Just apply De Morgan's law on each of them individually.
Here's a refreshener:
\$\overline{AB}=\overline{A}+\overline{B}\$
\$\overline{A+B}=\bar{A}\bar{B}\$
\$\overline{\overline{A}}=A\$
First add some not gates.
\$\overline{\overline{\overline{x}y}}+\overline{\overline{x\overline{y}}}+\overline{\overline{\overline{y}z}}\$
Then De Morgan them to the maximum.
Here's the continuation in hidden format, I do encourage you to apply De Morgan's law on your own.

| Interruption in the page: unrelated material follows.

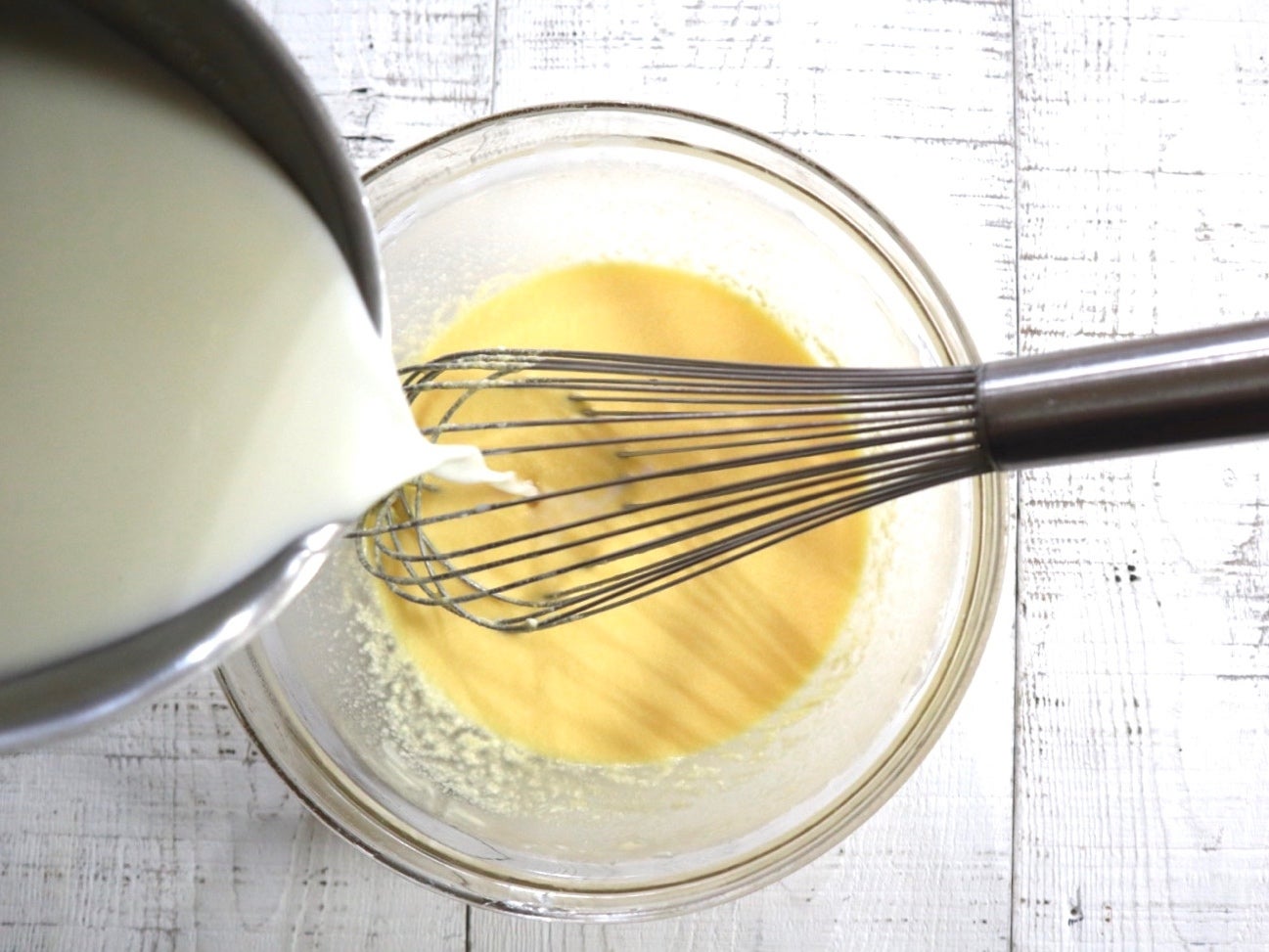 ③ 鍋に◎を入れて加熱し、グラニュー糖が溶けたら火からおろし、バニラオイルを加え(沸騰させないように注意)、②に加えて混ぜ合わせます。
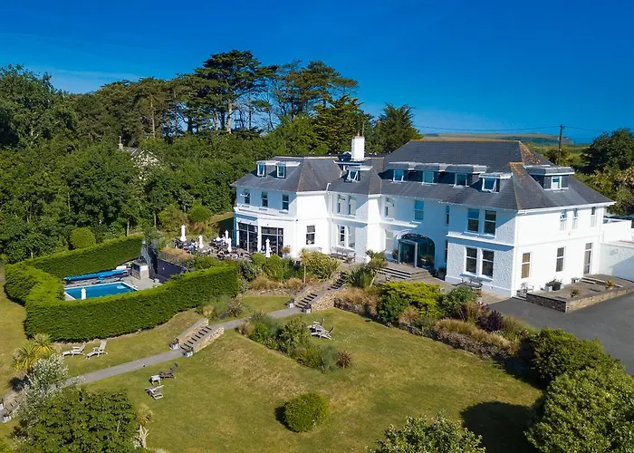 The St Enodoc Hotel is a 4-star boutique hotel in Wadebridge, featuring views of the Camel Estuary and a focus on contemporary design with bright colors and artwork. Amenities include a brasserie, a spa, and access to nearby golf courses, making it suitable for guests seeking a coastal retreat.

\$\overline{\overline{\overline{x}}+\overline{y}}+\overline{\overline{x}+\overline{\overline{y}}}+\overline{\overline{\overline{y}}+\overline{z}}\$
And after you've applied De Morgan's Law, then you might want to remove unnecessary gates. Use these two yellow boxes as a way to control that you've calculated correctly.
\$\overline{x+\overline{y}}+\overline{\overline{x}+y}+\overline{y+\overline{z}}\$
This is how it looks like in a schematic.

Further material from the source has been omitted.